Piyasada faiz oranlarındaki yükselişi, beklentilerin üzerinde gelen enflasyon ile izah etmek gerekecek. Bununla birlikte son görünüme bakarak konuşacak olursak, gerek mevduat, gerekse tahvil bono faiz oranları ise enflasyonun altında kaldığı görülüyor. (eksi faiz) Bu aşamada dolar yukarı borsa yukarı algısının enflasyon yukarı borsa yukarı algısına evrildiği gibi bir durum ise genel anlamda doğru olmayabilir. Enflasyonun şirket kârlılıkları ve ciroları üzerinde bir genişlemeye neden olması ilk etki olarak söz konusu. Daha geniş ölçekte yüksek enflasyonun işletme sermayelerinde aşınma, satın alma gücünün zayıflaması ve yüksek faiz nedeniyle finansman maliyetleri gibi yansımaları malum. Para ve sermaye piyasaları arasındaki uyumsuzluk bazen dış piyasalarda da görülüyor.

FED ŞAHİNLEŞİYOR

Dış piyasaların geçen haftaki gündemi yine ABD Merkez Bankası (Fed) ve ABD kaynaklı gelişmelerdi. Son toplantıya ait Fed tutanaklarında üyelerin, “Omikron varyantının ekonominin toparlanma patikasını değiştirmeyeceğini fakat arz sıkıntılarının beklenenden daha uzun sürebileceği, bilançonun son döngüde görülenden daha hızlı daralabileceği, faiz artışının tahminlerden daha erken olma ihtimalinin yükseldiği” yönünde görüşte bulundukları görüldü.
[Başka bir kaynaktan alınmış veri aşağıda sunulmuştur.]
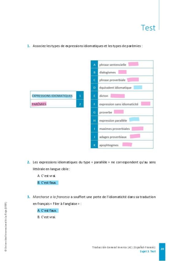 He publicado nuevos test de 3º Traducción General Inversa (Ac) (Español-francés); o Traducción General Inversa (Ac) (Español-alemán): TESTS

Fed tutanakları bu açıdan “şahin” bulundu. Gerçi bu süreç kasım toplantısıyla başlamıştı. Ayrıca St. Louis Fed Başkanı James Bullard, Fed’in Mart ayında faiz oranlarını artırabileceğini ve şu anda enflasyona karşı gerektiğinde daha agresif adımlar atmak için iyi bir konumda olunduğunu bildirdi. Tutanakların açıklanmasıyla ABD borsalarında ve Avrupa kâr satışları görüldü. Ancak satışlar çok fazla derinlik kazanmadı ve borsalarda çıkış trendleri korundu. Diğer yandan piyasaların önemli bir referans olarak gördüğü ABD 10 yıllık bono faiz oranında çıkış eğilimi ivme kazandı ve 30 Mart’tan sonraki en yüksek seviyesine ulaştı. ABD dolarında değer kazanımı ise biraz ivme kaybetse de sürüyor.

EURO’DA DEĞER KAYBI

Dikkat çeken konu Euro/dolar paritesinin 1.13 seviyesinin üzerinde kalması ve Euro’daki değer kaybının durması oldu. Avrupa Merkez Bankası Başkanı Lagarde geçen ayki toplantı sonrası “2022 yılında faiz artışı pek olası görülmüyor” demişti. Buna karşılık Fed’den bu yıl üç, 2023 yılında üç faiz artırımı bekleniyor. Bu görünüşe göre Euro’daki değer kaybının devamı yönünde beklentiler vardı. Buna gerekçe ne olabilir diye düşünüldüğünde, Almanya’da enflasyon oranının yüzde 5.3 ile son 30 yılın zirvesine çıkması ve bu şartlarda düşük faiz ortamının pek de korunamayacağı varsayımı olabilir. Ayrıca küresel finans piyasalarında Fed lokomotif olarak bilinir. Dünyanın diğer öncü merkez bankaları için önemli bir referanstır ve değerlerinin onu takip ettiği birçok defa tecrübe edilmiştir. Bu yıl Fed’in parasal sıkılaşma politikasına geçmesi Türkiye’nin de dahil olduğu dış finansman açığı ülkeler için olumsuz bir durum. Daha pahalı para demek bir bakıma. Borsaların pandemi sonrası önemli ölçüde ucuz ve bol paradan beslendiğini dikkate alırsak borsalar için de hiç istenen bir tablo olmayacağı açık.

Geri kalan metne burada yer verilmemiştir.